To measure and compare postoperative erythema after laser cutaneous resurfacing using 2 carbon dioxide laser systems and varying postoperative treatment methods.
Carbon dioxide laser systems are used as cutaneous resurfacing tools. The continuous-wave lasers have been associated with postoperative erythema, but the short-pulsed lasers reportedly result in less postoperative erythema because of shorter pulse durations. Although subjective evaluations of results have been published, a side-by-side comparison with digital photography has not been performed. Furthermore, postoperative treatment varies among physicians, and objective data about this treatment are scarce.
To compare postoperative erythema, we created 240 resurfacing wounds on 8 piglets with continuous-wave and short-pulsed lasers, using the manufacturers' suggested settings. By using photography and computed color analysis, we measured the resultant erythema after 1, 3, and 5 laser passes at days 0, 1, 3, 5, 7, and 14. Tissue samples were obtained for histological analysis on days 0, 3, 7, and 14.
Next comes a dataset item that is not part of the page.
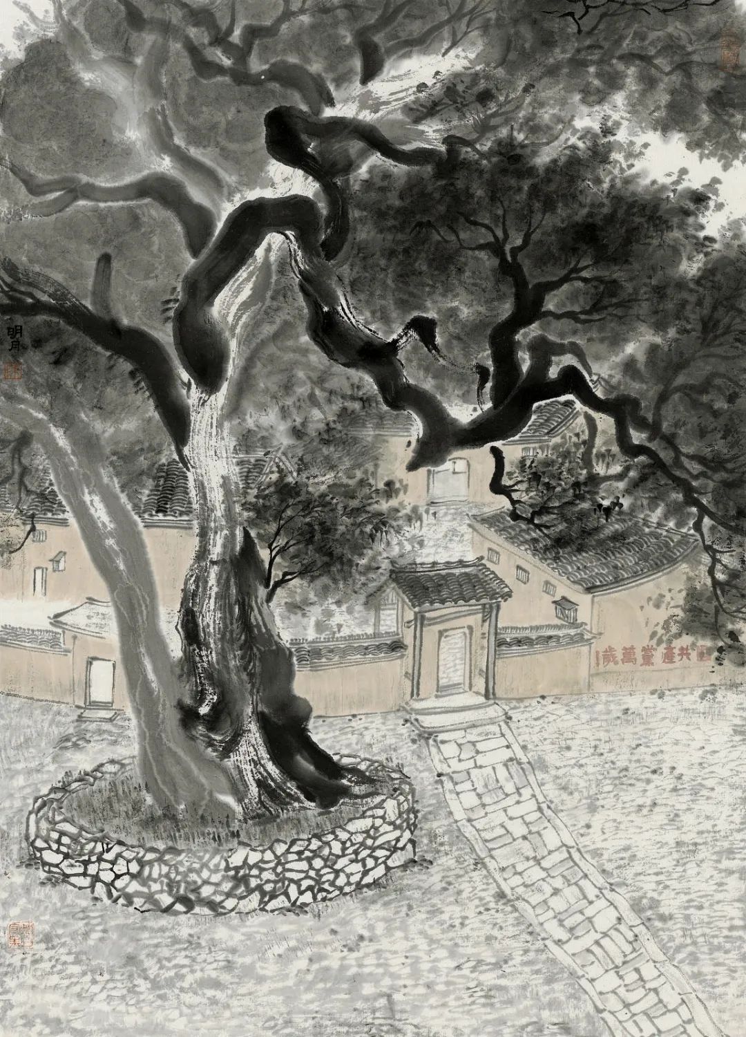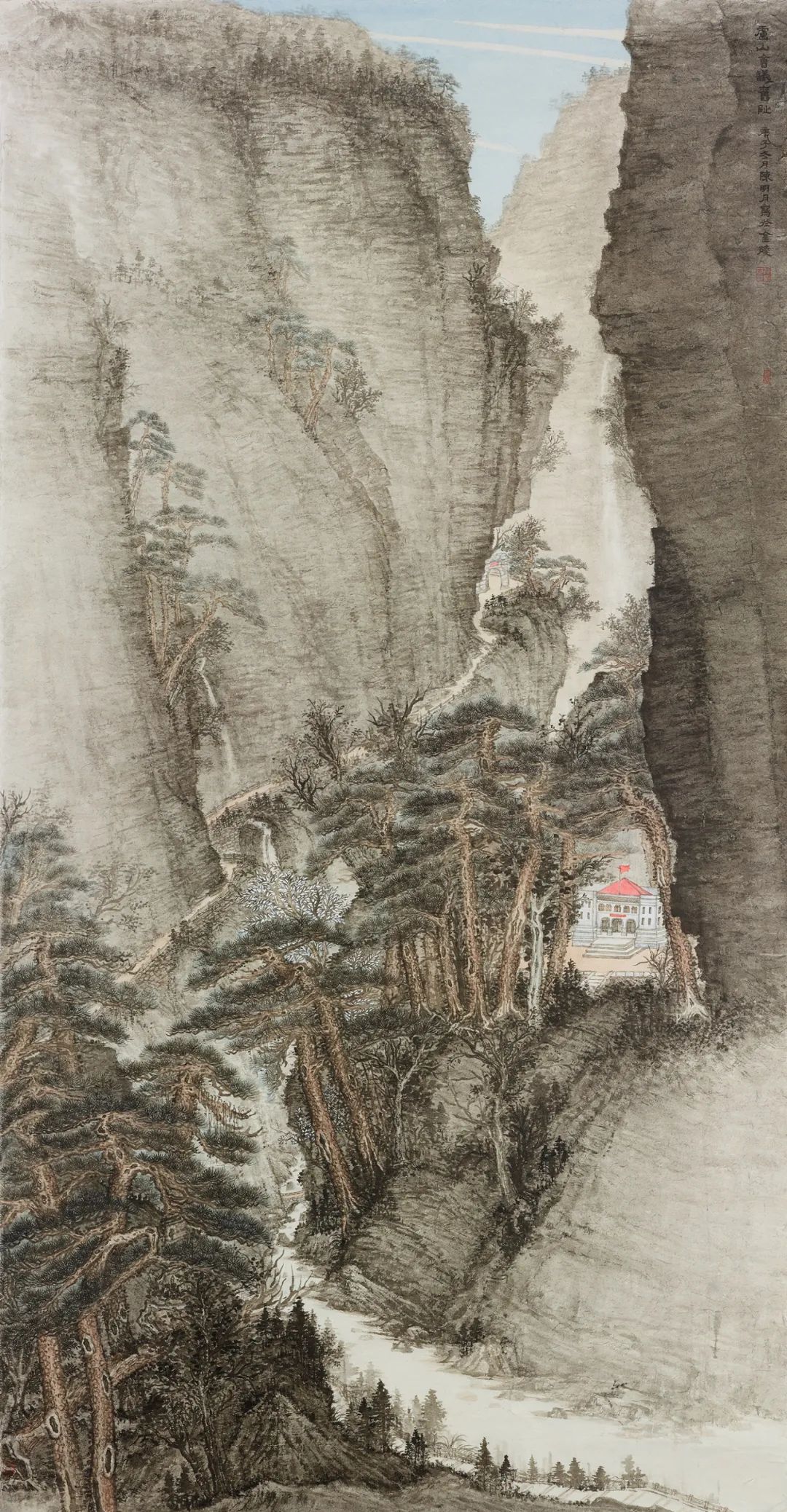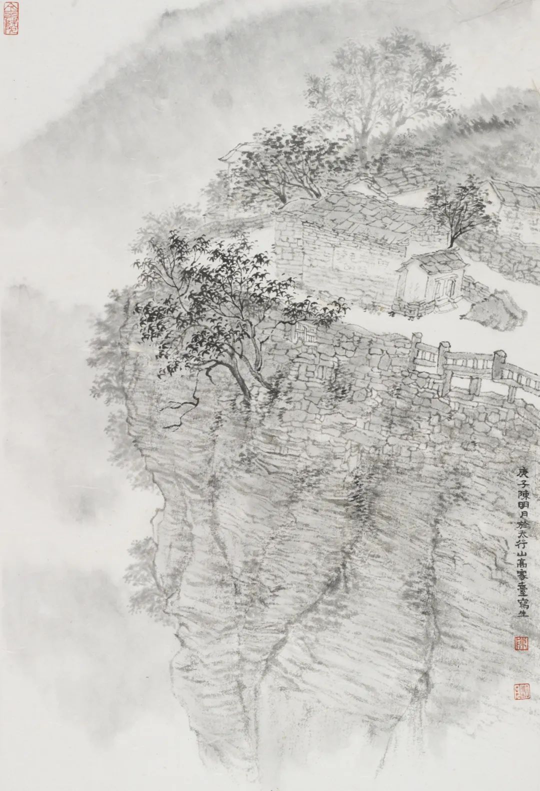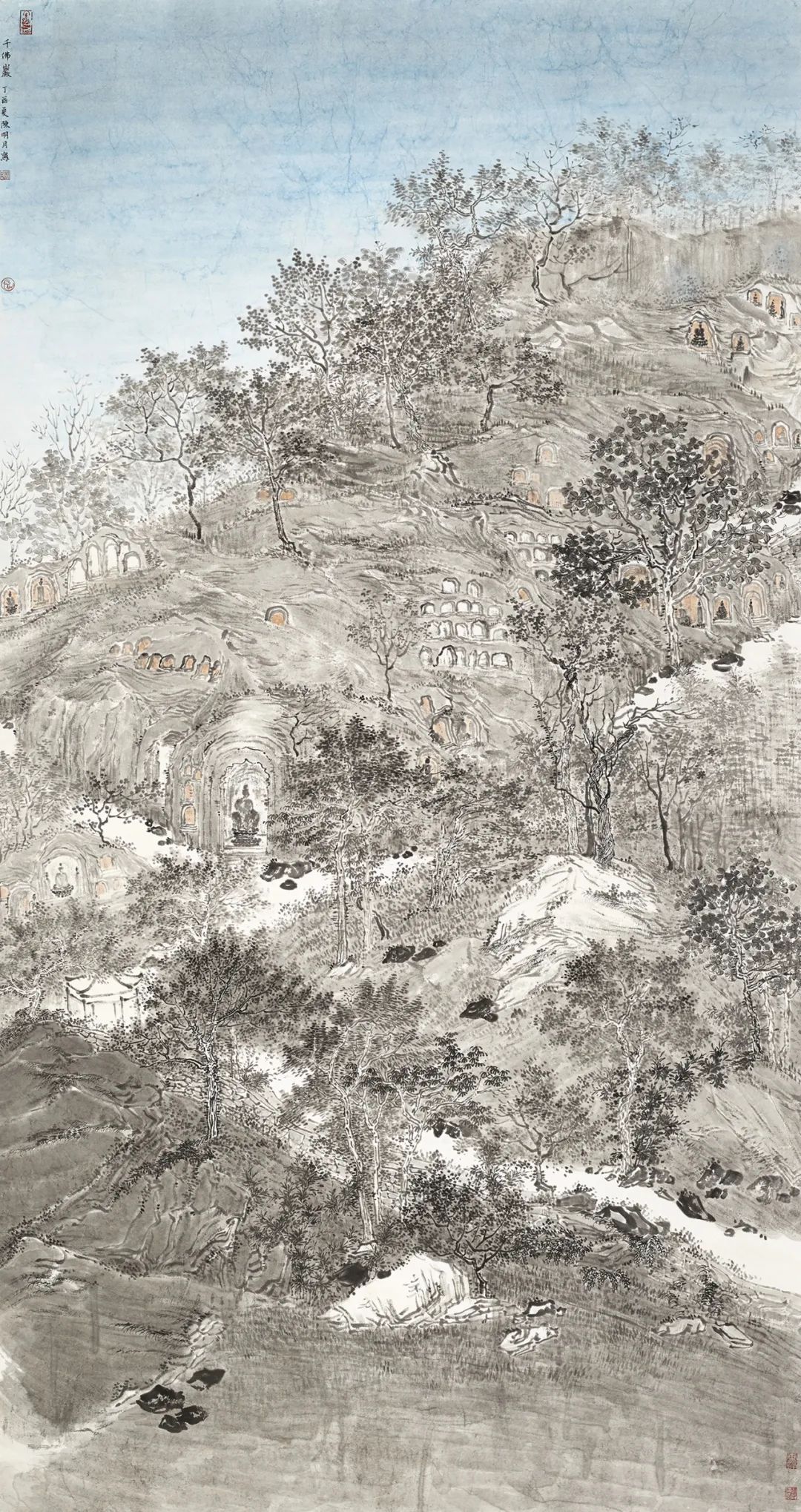 陈明月也是严谨细心的年轻画家,在浮夸快餐遍布的当下,她可以安静且孜孜不倦的细笔勾描、小笔皴擦,无论是对于山石肌理的细节处理还是对树木枝叶的勾勒点染,抑或是对于现代元素的表达,均可以运用其较为扎实的传统技法进行描绘,使得作品耐看、隽永且富有灵韵。
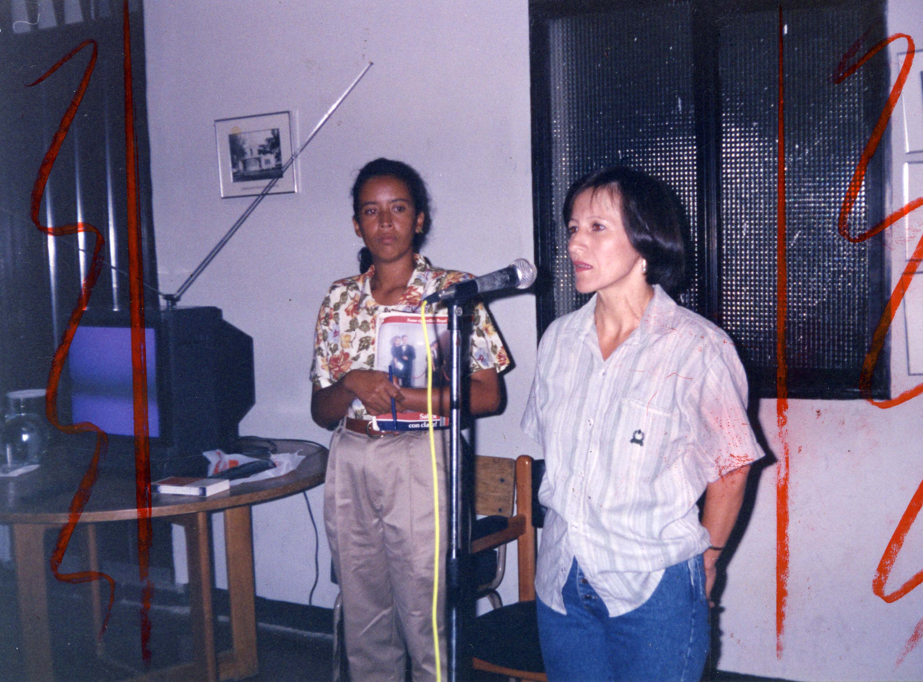 En la Casa de la Cultura, Dora Inés Uchima Morales. Se aprecia en conferencia sobre su experiencia con seres extraterrestres. Hace su presentación la secretaria de Bienestar Social de la Alcaldía Municipal de Tuluá, Judith López.

We compared the resolution of erythema after postoperative treatment with petroleum jelly (Vaseline), a wound dressing (Vigilon), partially hydrogenated vegetable oil (Crisco), or a combination drug, bacitracin zinc–neomycin sulfate–polymyxin B sulfate on the wounds.
The short-pulsed carbon dioxide laser resulted in an average of 22% less erythema compared with the continuous-wave laser (P<.001). No statistically significant difference in erythema was found among the postoperative treatment methods (P>.10).
Compared with the continuous-wave laser, the short-pulsed carbon dioxide laser results in less postoperative erythema. However, the type of postoperative treatment has little, if any, beneficial effect for reducing erythema.